What you should give back is every line from the one containing "in eine und" through the last line of the records below, word for word and without pictures.
=== RECORDED INFORMATION ===
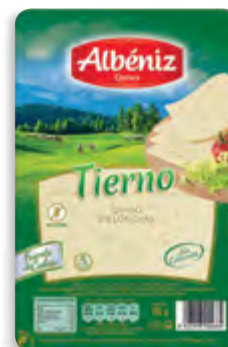
Lonchas de queso tierno 85 g. c/exp.

CÓDIGO: 213 EAN 13: 8427298002486 UNIDAD POR CAJA: 20
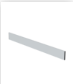
Planche de bordure latérale pour longueur d'échafaudage 2,45 m
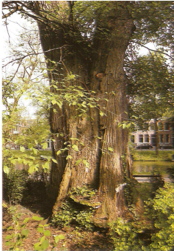
Grote Iep ( Ulmus glabra 'Cornuta') in het Tolsteegplantsoen tussen Zonnenburg en Manenburg (Utrecht, 2010). Deze 'dikste Iep van Nederland' is vermoedelijk bij de aanleg door Zocher uit meerdere bomen samengesteld. De schors is verschillend rondom de boom.

in eine und dieselbe Grube, und auch wohl Gabelförmig gepflanzt, fünf, sechs wohl auch einmal in eine fast grade Linie gestellt werden u.s.w. .... Einen sehr hübschen Effect bringt es oft hervor, zwei ganz verschiedenartige baumarten, wie etwas Birke und Erle, Weide und Eiche, ... in dieselbe Grube mit einander zu pflanzen, oder einen Baum, fast horizontal übers Wasser gebeugt, schief aufwachsen zu lassen. Pückler raadt ook aan een enkele boom of boomgroep enigszins verhoogd te planten, omdat dat een meer gracieuze vorm geeft en oude bomen die spontaan te samen opgroeien bijna altijd op een dergelijk heuveltje staan. (p.46)
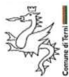
Patrocinio Comune di Terni
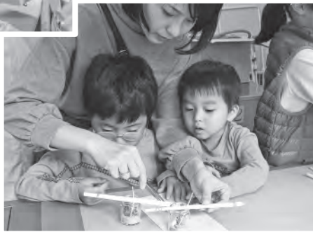
オリジナルキャンドル を制作
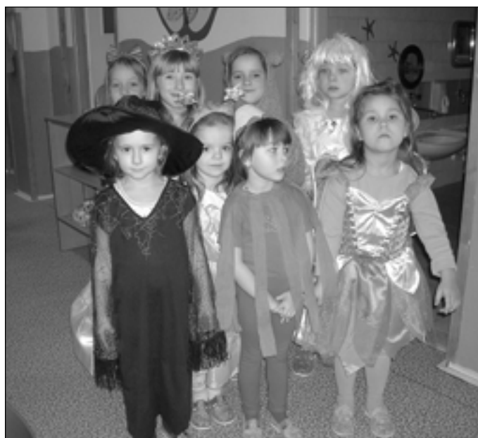
Děti mají rády karneval.
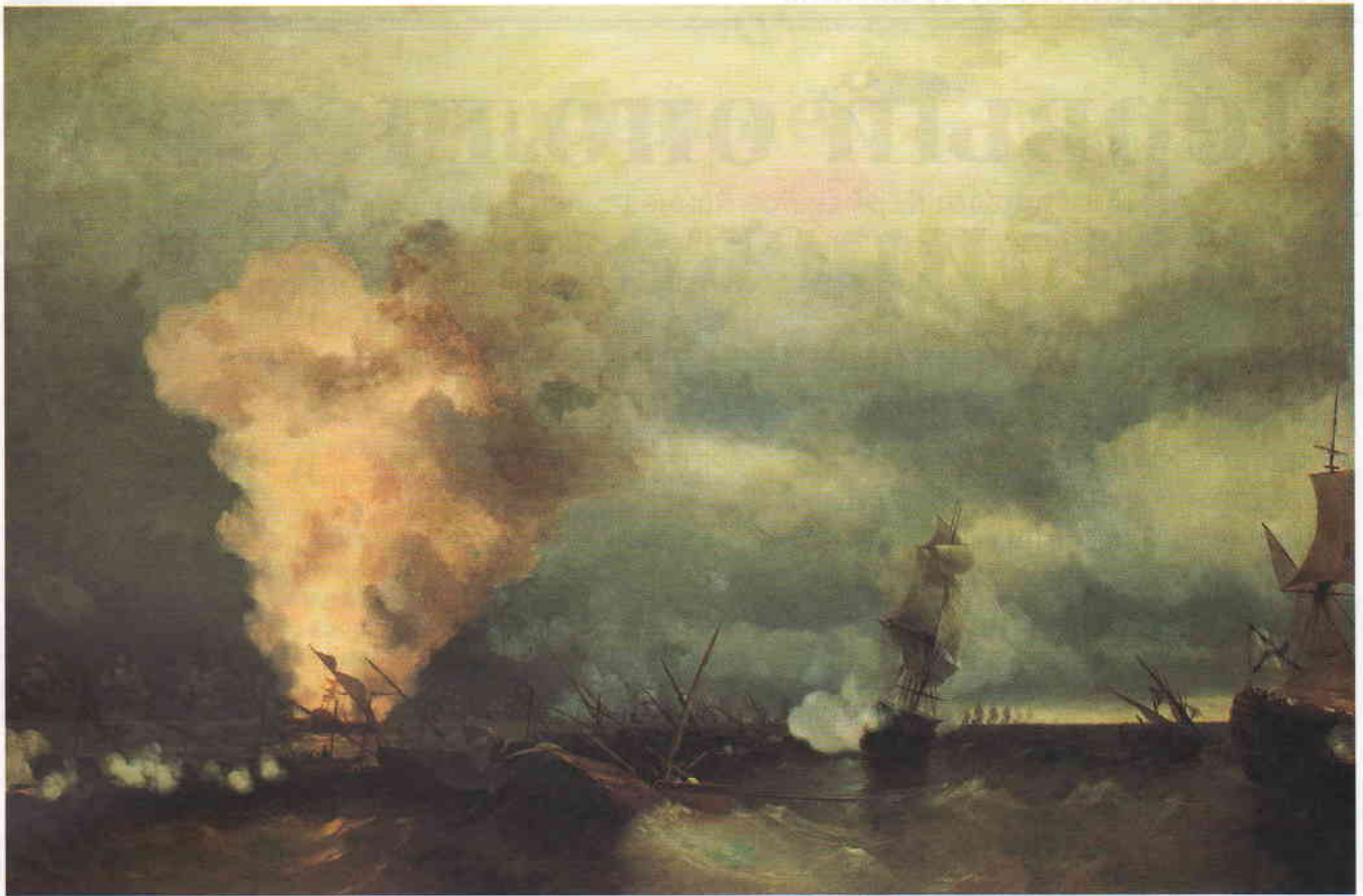
↑ Айвазовский И.К. Морское сражение при Выборге. 1846
===
# RESULT FOR THIS TASK:
in eine und dieselbe Grube, und auch wohl Gabelförmig gepflanzt, fünf, sechs wohl auch einmal in eine fast grade Linie gestellt werden u.s.w. .... Einen sehr hübschen Effect bringt es oft hervor, zwei ganz verschiedenartige baumarten, wie etwas Birke und Erle, Weide und Eiche, ... in dieselbe Grube mit einander zu pflanzen, oder einen Baum, fast horizontal übers Wasser gebeugt, schief aufwachsen zu lassen. Pückler raadt ook aan een enkele boom of boomgroep enigszins verhoogd te planten, omdat dat een meer gracieuze vorm geeft en oude bomen die spontaan te samen opgroeien bijna altijd op een dergelijk heuveltje staan. (p.46)
Patrocinio Comune di Terni
オリジナルキャンドル を制作
Děti mají rády karneval.
↑ Айвазовский И.К. Морское сражение при Выборге. 1846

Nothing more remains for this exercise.